GCD
(a,b) can be easily found by the Euclidean algorithm. Now Carp is considering a little more difficult problem:
Given integers N and M, how many integer X satisfies 1<=X<=N and (X,N)>=M.

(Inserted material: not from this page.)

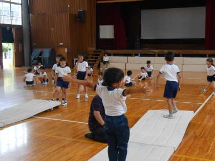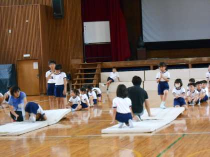 2年 ビシッとかっこよく! 公開日 2023/07/12 更新日 2023/07/12 2年 後転のテストが金曜日にあるそうです。1回目は坂道ありで後転、2回目は坂道なしで後転をします。最後の決めポーズまでしっかり練習していました!
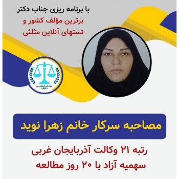 ایشان اولین سالی بود که در آزمون وکالت اسکودا شرکت کردند و اثبات کردند غیر ممکن وجود ندارد.تنها راه قبولی جزوات گنجینه راز تستهای آنلاین مثلثی با برنامه ریزی مثلثی

#pragma comment(linker,"/STACK:1024000000,1024000000")
#include<iostream>
#include<cstdio>
#include<algorithm>
#include<cstring>
#include<string>
#include<stack>
#include<queue>
#include<deque>
#include<set>
#include<map>
#include<cmath>
#include<vector>
using namespace std;
typedef long long ll;
typedef unsigned long long ull;
typedef pair<int, int> PII;
#define pi acos(-1.0)
#define eps 1e-10
#define pf printf
#define sf scanf
#define lson rt<<1,l,m
#define rson rt<<1|1,m+1,r
#define e tree[rt]
#define _s second
#define _f first
#define all(x) (x).begin,(x).end
#define mem(i,a) memset(i,a,sizeof i)
#define for0(i,a) for(int (i)=0;(i)<(a);(i)++)
#define for1(i,a) for(int (i)=1;(i)<=(a);(i)++)
#define mi ((l+r)>>1)
#define sqr(x) ((x)*(x))
const int inf=0x3f3f3f3f;
ll m,n,ans;
int t;
ll ouler(ll n)
{
ll res=n;
for(ll i=2;sqr(i)<=n;i++)
{
if(!(n%i))
{
res=res/i*(i-1);
while(!(n%i))n/=i;
}
}
if(n>1)res=res/n*(n-1);
return res;
}
int main()
{
sf("%d",&t);
while(t--)
{
ans=0;
sf("%I64d%I64d",&n,&m);
for(ll i=1;sqr(i)<=n;i++)
if(!(n%i))
{
if(i>=m&&sqr(i)!=n)//當i和n/i相同時只能計算一次
ans+=ouler(n/i);
if(n/i>=m)
ans+=ouler(i);//分別計算i和n/i的歐拉函數值
}
pf("%I64d\n",ans);
}
return 0;
}